SAO PAULO (Reuters) – The city hall of Brazil’s northeastern city of Maceio has asked to negotiate a new compensation agreement with petrochemical firm Braskem over the expansion of a risk area linked to sinking ground in the city, it said on Wednesday.
The request comes five months after the city and Braskem reached an agreement for the payment of 1.7 billion reais ($347.14 million).
Maceio’s civil defense office warned last week that Braskem’s salt mine number 18, located near a lake in the Mutange neighborhood, was at imminent risk of collapse.
Initially, the city had confirmed a request to reopen the talks about the agreement made in July, but later clarified the deal “remains valid” and would seek a new settlement to include “fresh damages”.

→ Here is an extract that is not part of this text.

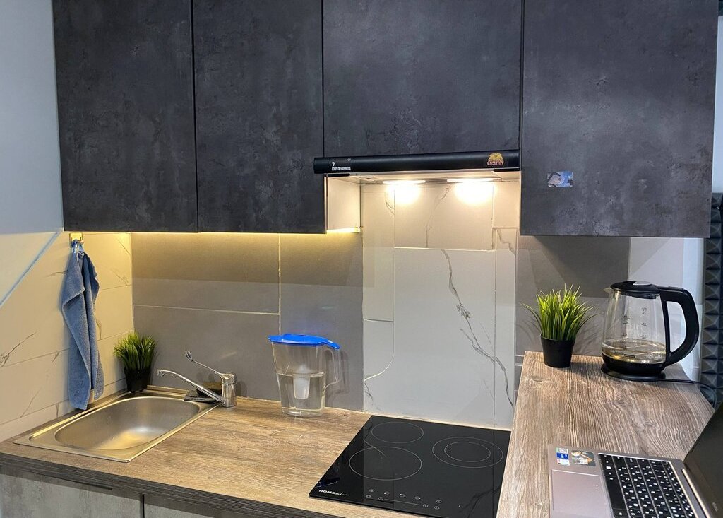 Светлая уютная студия на 8 этаже, с настоящим дизайнерским ремонтом, а не его подобием. В доме 4 лифта: ждать меньше 30 секунд.

The company’s rock salt mining activities in the area, which were halted in 2019, led to soil subsidence that forced the interdiction of several neighborhoods in Maceio.
The updated risk map, released at the end of November, was the basis for a federal court to include the Bom Parto neighborhood in Braskem’s relocation program, according to the city government.
Braskem has set aside 14.4 billion reais since 2018 to address issues related to the sinking ground in the city, which authorities attributed to its decades-long salt mining activities carried in Maceio’s underground.
Braskem declined to comment on the matter.